[What to produce]
Beginning with the line where "Letto Soppalco con" appears, restate each line word for word until the data ends. Pictures do not go in.

[Recorded data]

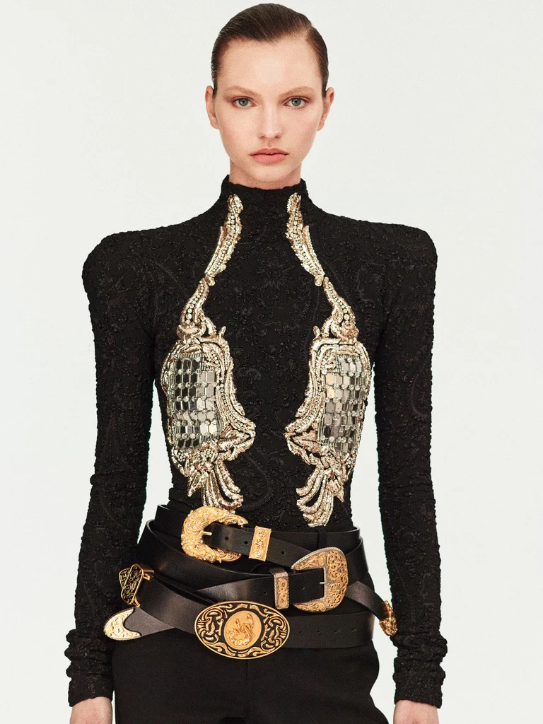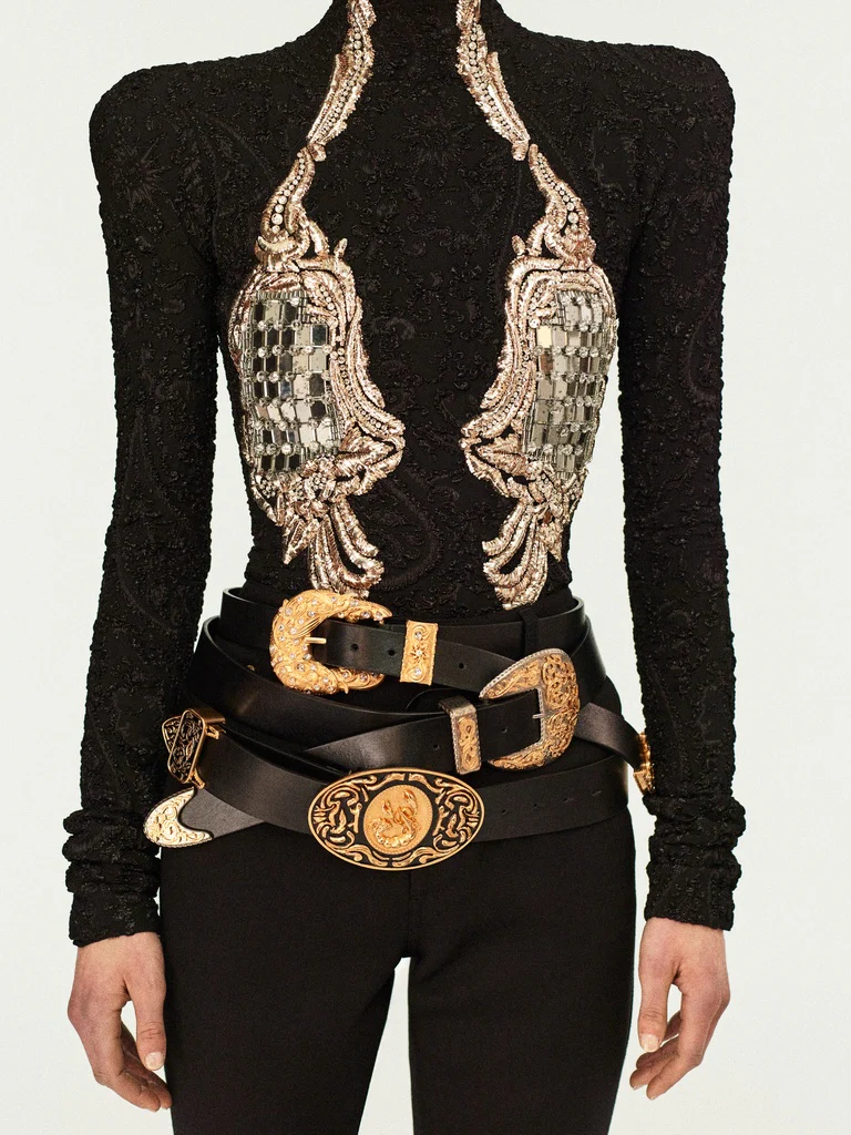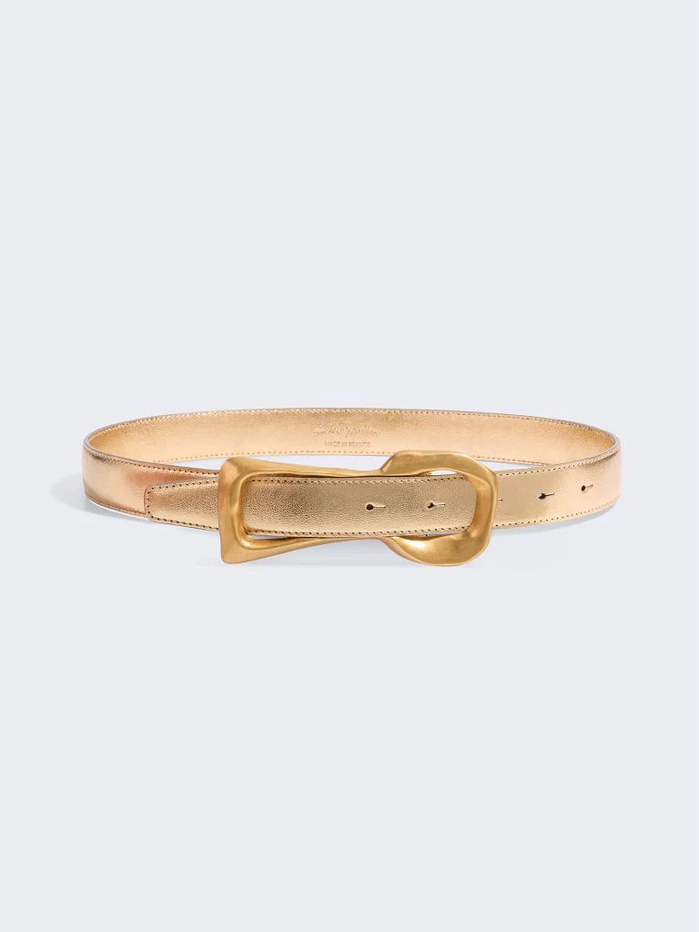 Cette ceinture en cuir noir rehaussée d’une boucle en métal doré et argenté.
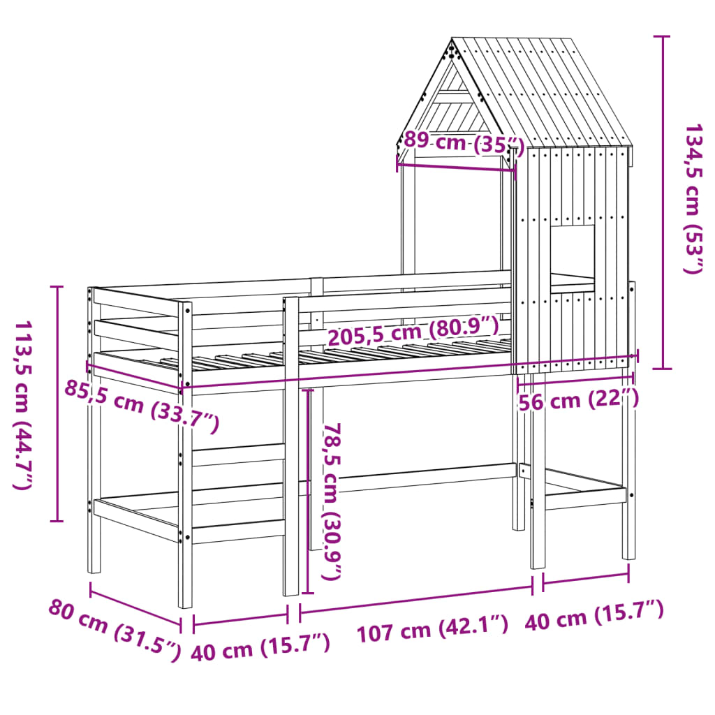 Letto Soppalco con Scala e Tetto Bianco 80x200 cm Massello Pino 3282029
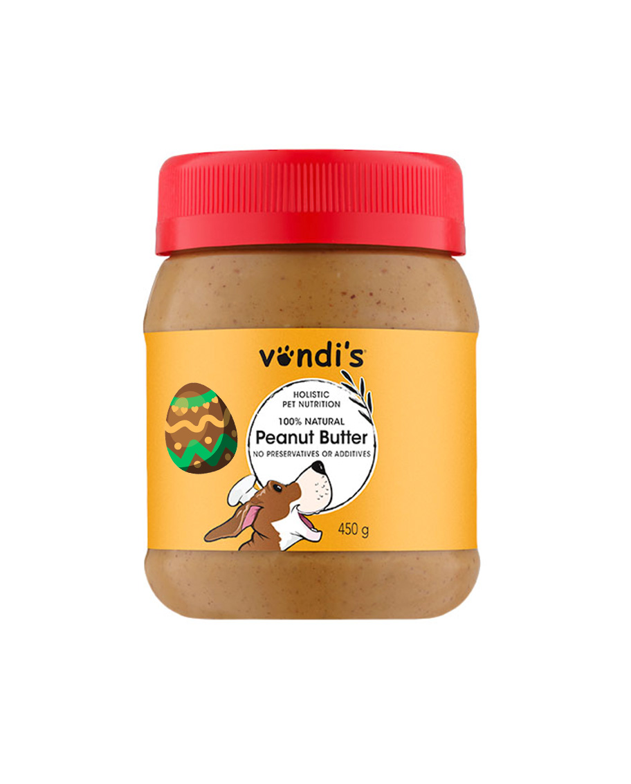 Vondi’s Natural Peanut Butter offers a wholesome, healthy treat specifically formulated for dogs. We craft this 100% natural, organic peanut butter with carefully selected peanuts, ensuring it contains no additives, preservatives, artificial colours, or harmful ingredients.

[Reply to the task]
 Letto Soppalco con Scala e Tetto Bianco 80x200 cm Massello Pino 3282029
 Vondi’s Natural Peanut Butter offers a wholesome, healthy treat specifically formulated for dogs. We craft this 100% natural, organic peanut butter with carefully selected peanuts, ensuring it contains no additives, preservatives, artificial colours, or harmful ingredients.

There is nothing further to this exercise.